Diagnosing Hypertrophic Cardiomyopathy: How A Phased Array Ultrasonic Exam Helps Confirm Diagnoses

16 September 2019
 Categories: Business, Blog


What is the one thing doctors will tell patients every time? "Nothing is certain, until it is." That is the hopeful approach all doctors take to helping patients with potentially unpleasant diagnoses. Cancer is not certain until the biopsy says so. Pulmonary embolisms are not really there until either surgery or medication proves it. The same is true of any physical ailment or disease until tests prove otherwise. 

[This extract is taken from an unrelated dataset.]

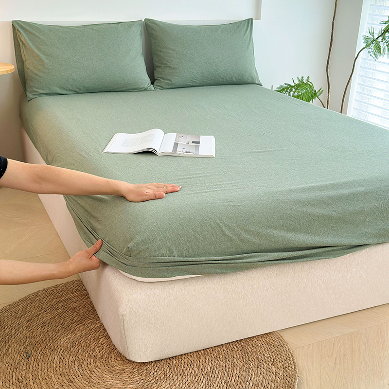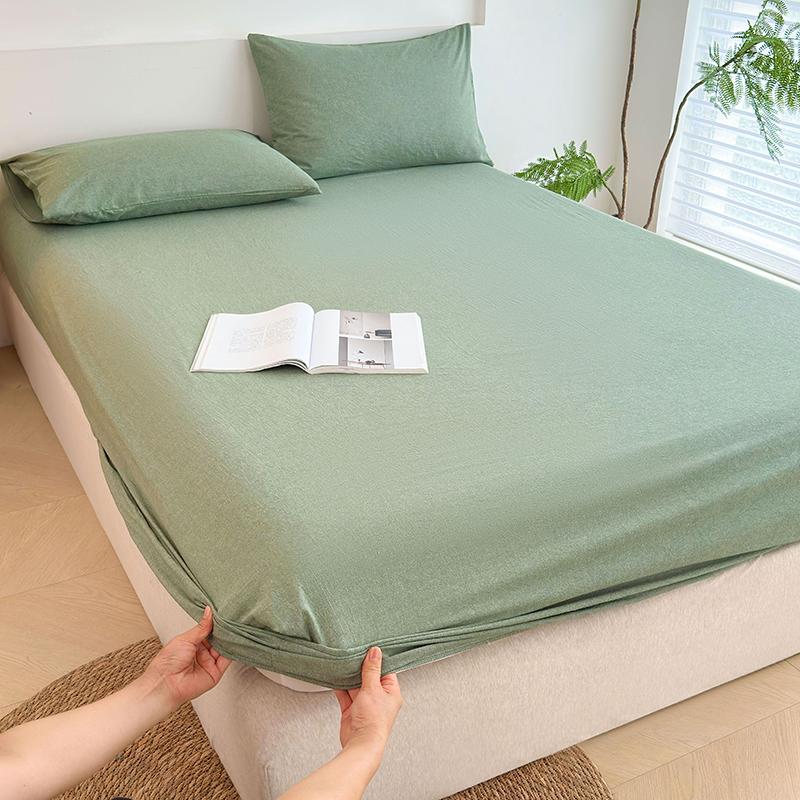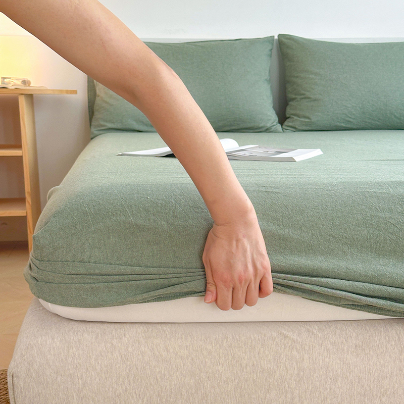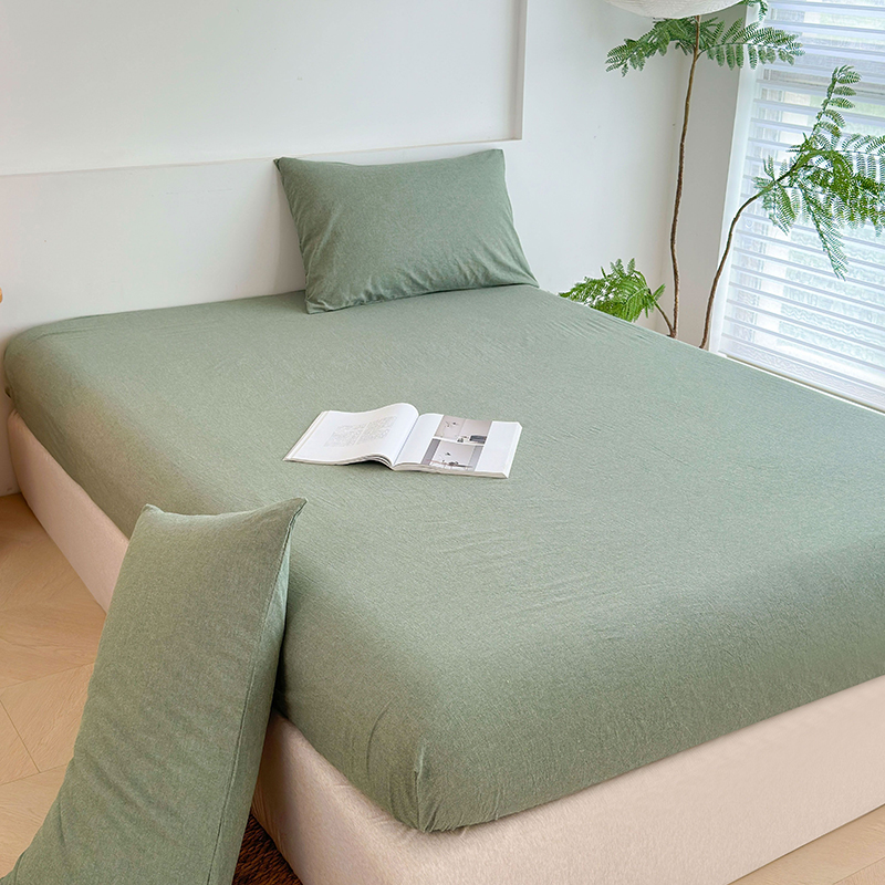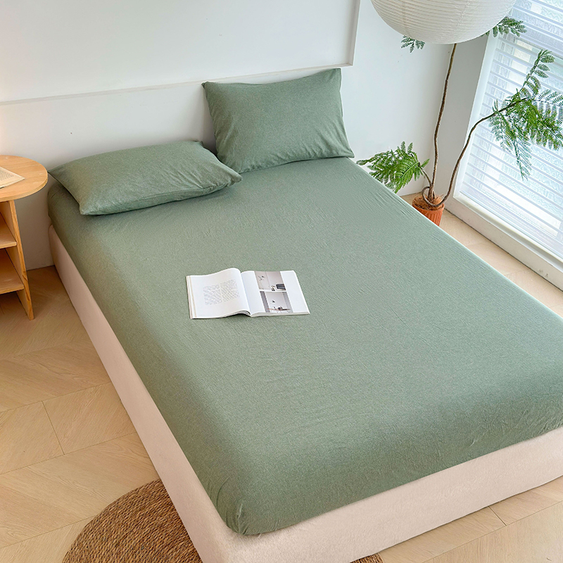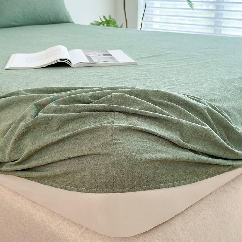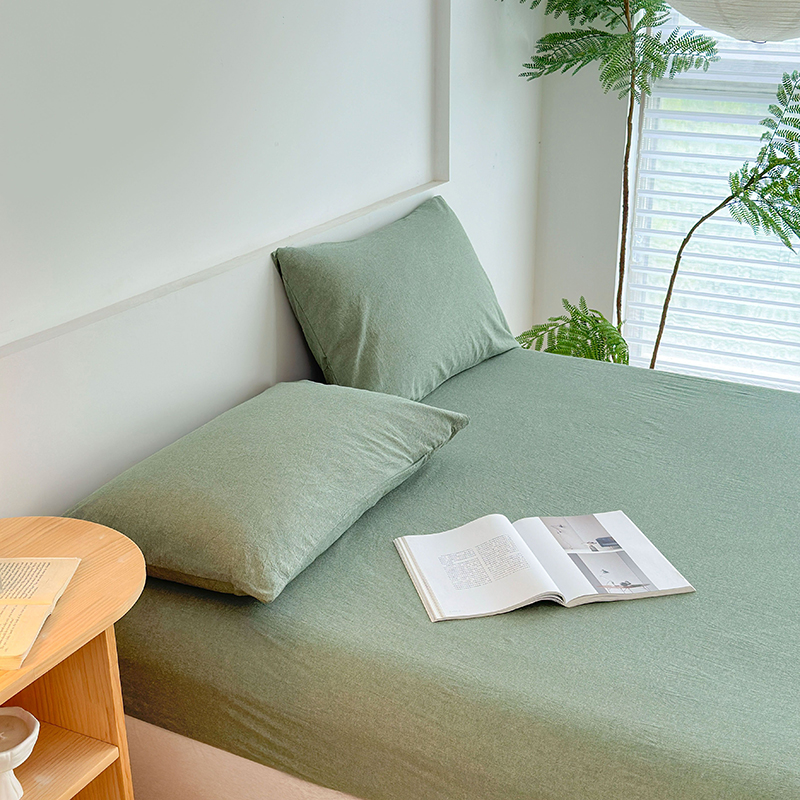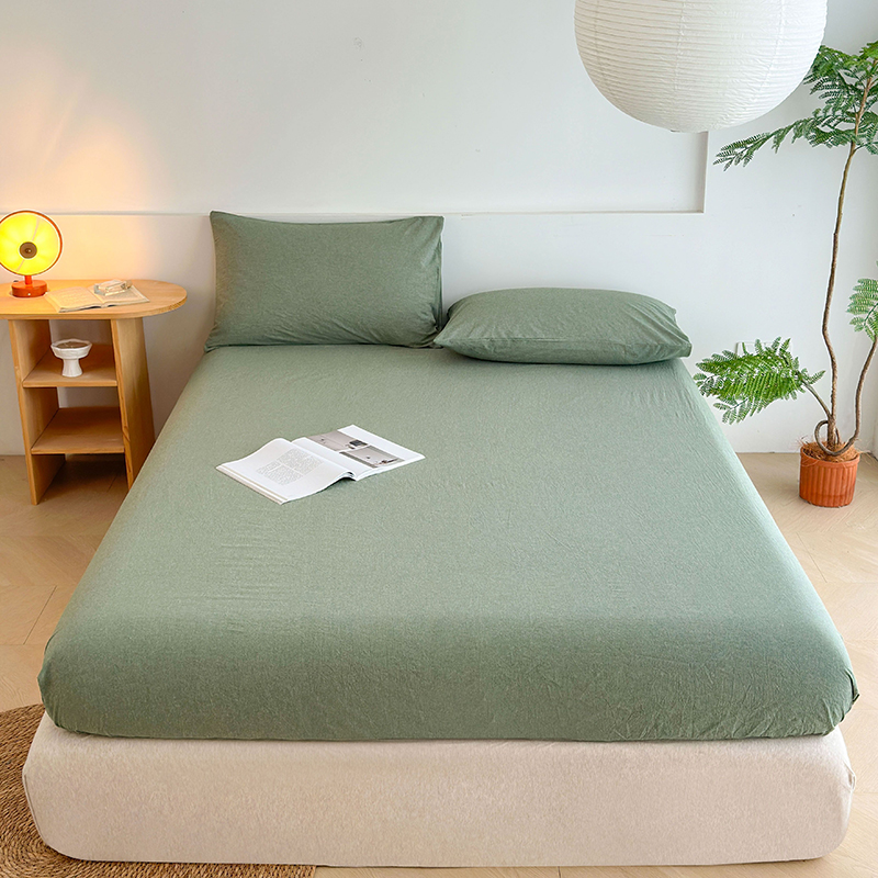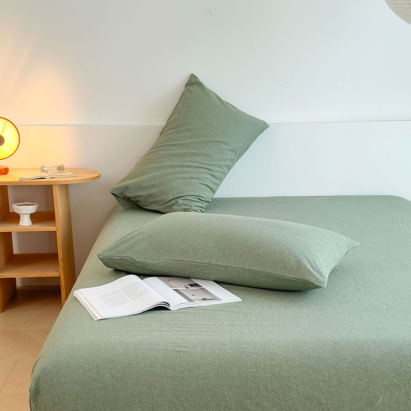 商品名称:慕莎家纺 2024新款亲肤水洗色织床笠三件套 纯色草绿

That is why, when a doctor tells a child or teen (or even a young adult, if the young adult lives that long) that he/she may have a disorder known as hypertrophic cardiomyopathy, you wait until it can be proven. Symptoms for this genetic congenital disorder may all be present, but the disorder is not real until all possible tests confirm it. An EKG or ECG are both common with this type of heart problem, as is an ultrasound, if the heart can withstand it. However, short of open heart surgery, which no one undergoes unless they have to, the only other way to confirm this heart problem is with a phased array ultrasonic examination. Here is how that works. 

The Phased Array Ultrasound Machine

This machine is similar to an ultrasound machine in that it uses radio waves to detect tissue depth, bone density, and thicknesses. The difference here is that waves travel in a phased array, either in shorter or longer bursts and waves that are stretched to a certain size before emitting, or shrunk to a certain size before emitting. A trained ultrasonographer will know exactly how to set up the machine for minimum depth, wavelength, and phase length. As the waves pass through the chest wall to the heart, the wave reports back the muscle structure of the intercostal muscles of the ribs and the heart muscle itself. 

What the Phased Array Ultrasound Can "See" That Other Tests and Machines Cannot

A phased array ultrasound is akin to the machines treasure hunters use to echo-locate sunken ships on the bottom of the ocean floor. Both the treasure hunting machine and its sound waves and the phased array ultrasound are sending waves through substances and causing the waves to bounce off thicker, heavier objects. In this case, with a heart, the thicknesses detected in a normal heart will register at just a couple millimeters thick through the heart walls and a wee bit thicker at the apex (or bottom point) of the heart muscle where the ventricles meet.

In a heart that has cardiomyopathy, the phased array ultrasound's waves will detect much thicker muscle tissue, sometimes almost an inch or two thick. It is this super thick, very inflexible muscle tissue of the cardiomyopathic heart that prevents the patient from having decent blood circulation and from breathing easily and freely. Hence, the phased array ultrasound confirms the diagnosis.